Take a look at the following code to see how we can build on the concepts we’ve looked at so far.

ourData <-- data.frame(
animal = c(“snail”,”lion”, “tiger”, “giraffe”, “zebra”, “panda”, “puma”),
habitat = c(“grassland”,”savanna”, “forest”, “savanna”, “grassland”, “forest”, “forest”),
size = c(“small”,”large”, “large”, “large”, “medium”, “medium”, “small”),
stringsAsFactors = FALSE
)
ourSubset1 <-- ourData[data$habitat == "savanna", ]
ourSubset2 <-- ourData[grep("^p", data$animal), ]
ourSubset3 <-- ourData[ourData$size %in% c("medium", "small"), ]
ourSubset <-- rbind(ourSubset1, ourSubset2, ourSubset3)
print(ourSubset)

You’ll recognize some of the elements from the previous script. For example, we once again assign animals and habitats to ourData. However, this time around we’re being a little more selective with our subset. We use the $ to specify a column name inside ourData. This lets us load up the habitat column from the data set’s contents. Note that we’re using a simple logical criterion format to select our information from within the specific column in ourData. Logical criterion simply means using a basic TRUE and FALSE flag for our selection. Something is or is not labeled as a savanna. The results of this selection are then assigned to ourSubset1.

We move on to use a more complex form of selective criteria. You’ll note that we call the grep function this time. If you’re familiar with grep in Linux then you already have a good idea of what’s going on.
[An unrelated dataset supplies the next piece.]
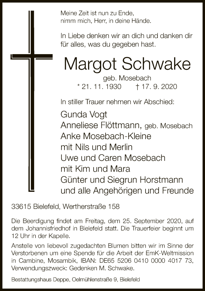 Hier finden Sie alle Traueranzeigen aus der Zeitung, die bisher für Margot Schwake erschienen sind. Weitere Traueranzeigen, die in der Zeitung erscheinen, werden hier ebenfalls aufgelistet

In short, grep lets us sort through data using complex regular expressions and pipes. In this case, we’re using a regular expression, or regex, format when we pass ^p as an argument to grep.

The ^p character combination simply tells grep to look for any string that beings with the letter p. We could substitute any other character for p and it’d look for that letter instead. But in this case, grep searches for a column value starting with the letter p in a single column of ourData. Note that while we’re working with a specific column in each of these substring assignments, there’s no reason why we couldn’t use multiple columns. We’re simply keeping things as concise as possible for the sake of explanation. With that selection finished we assign the resulting information to ourSubset2

We obtain our next subset by leveraging logical subsetting through the %in% operator. It works through our data’s size information to find matches for medium and small. You might have noticed that so far we’re working with columns when the intent is to extract rows. But everything comes together in the following line. Select adjacent columns and we essentially select rows as well. Select a specific column and elements of a specific row come along. As you can see when we use rbind to concatenate our three subsets and assign the result to ourSubset. We print out the results in the next line. And, as you can see, we now have extracted rows that adhere to three forms of logical selective criteria based on a certain value.

Note that we’re using a data frame with all of the values in place. A missing value would create an error during this process. If you weren’t sure of your data’s integrity when using these methods then you could use a is.na() check to validate elements during the selection. This would give you the chance to modify NA values according to your specific needs.